**** Task data ****
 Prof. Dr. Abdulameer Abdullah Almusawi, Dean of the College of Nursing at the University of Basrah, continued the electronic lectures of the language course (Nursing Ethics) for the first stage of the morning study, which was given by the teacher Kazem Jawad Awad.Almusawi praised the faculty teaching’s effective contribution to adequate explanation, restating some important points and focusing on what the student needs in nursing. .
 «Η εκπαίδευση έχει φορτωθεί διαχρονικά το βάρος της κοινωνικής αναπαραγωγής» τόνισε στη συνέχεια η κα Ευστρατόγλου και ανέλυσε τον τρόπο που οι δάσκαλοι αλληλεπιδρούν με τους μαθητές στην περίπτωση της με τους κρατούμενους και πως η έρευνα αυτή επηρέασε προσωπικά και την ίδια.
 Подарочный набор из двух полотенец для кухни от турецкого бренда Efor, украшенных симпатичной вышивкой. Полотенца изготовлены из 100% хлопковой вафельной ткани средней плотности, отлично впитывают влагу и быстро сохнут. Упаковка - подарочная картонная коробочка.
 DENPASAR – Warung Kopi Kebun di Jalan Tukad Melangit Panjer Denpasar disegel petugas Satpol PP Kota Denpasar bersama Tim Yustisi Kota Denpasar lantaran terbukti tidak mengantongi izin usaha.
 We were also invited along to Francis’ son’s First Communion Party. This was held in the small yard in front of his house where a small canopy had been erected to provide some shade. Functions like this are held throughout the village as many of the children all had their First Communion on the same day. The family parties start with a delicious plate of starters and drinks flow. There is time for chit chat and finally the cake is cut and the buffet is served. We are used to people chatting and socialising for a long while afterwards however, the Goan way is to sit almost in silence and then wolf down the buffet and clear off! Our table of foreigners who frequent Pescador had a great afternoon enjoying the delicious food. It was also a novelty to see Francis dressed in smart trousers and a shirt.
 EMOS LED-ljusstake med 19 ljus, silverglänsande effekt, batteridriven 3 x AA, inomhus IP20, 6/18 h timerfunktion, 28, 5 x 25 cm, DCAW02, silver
****
## Goal of the exercise
Exactly as they are written, print the entries again.

## Answer box
 Prof. Dr. Abdulameer Abdullah Almusawi, Dean of the College of Nursing at the University of Basrah, continued the electronic lectures of the language course (Nursing Ethics) for the first stage of the morning study, which was given by the teacher Kazem Jawad Awad.Almusawi praised the faculty teaching’s effective contribution to adequate explanation, restating some important points and focusing on what the student needs in nursing. .
 «Η εκπαίδευση έχει φορτωθεί διαχρονικά το βάρος της κοινωνικής αναπαραγωγής» τόνισε στη συνέχεια η κα Ευστρατόγλου και ανέλυσε τον τρόπο που οι δάσκαλοι αλληλεπιδρούν με τους μαθητές στην περίπτωση της με τους κρατούμενους και πως η έρευνα αυτή επηρέασε προσωπικά και την ίδια.
 Подарочный набор из двух полотенец для кухни от турецкого бренда Efor, украшенных симпатичной вышивкой. Полотенца изготовлены из 100% хлопковой вафельной ткани средней плотности, отлично впитывают влагу и быстро сохнут. Упаковка - подарочная картонная коробочка.
 DENPASAR – Warung Kopi Kebun di Jalan Tukad Melangit Panjer Denpasar disegel petugas Satpol PP Kota Denpasar bersama Tim Yustisi Kota Denpasar lantaran terbukti tidak mengantongi izin usaha.
 We were also invited along to Francis’ son’s First Communion Party. This was held in the small yard in front of his house where a small canopy had been erected to provide some shade. Functions like this are held throughout the village as many of the children all had their First Communion on the same day. The family parties start with a delicious plate of starters and drinks flow. There is time for chit chat and finally the cake is cut and the buffet is served. We are used to people chatting and socialising for a long while afterwards however, the Goan way is to sit almost in silence and then wolf down the buffet and clear off! Our table of foreigners who frequent Pescador had a great afternoon enjoying the delicious food. It was also a novelty to see Francis dressed in smart trousers and a shirt.
 EMOS LED-ljusstake med 19 ljus, silverglänsande effekt, batteridriven 3 x AA, inomhus IP20, 6/18 h timerfunktion, 28, 5 x 25 cm, DCAW02, silver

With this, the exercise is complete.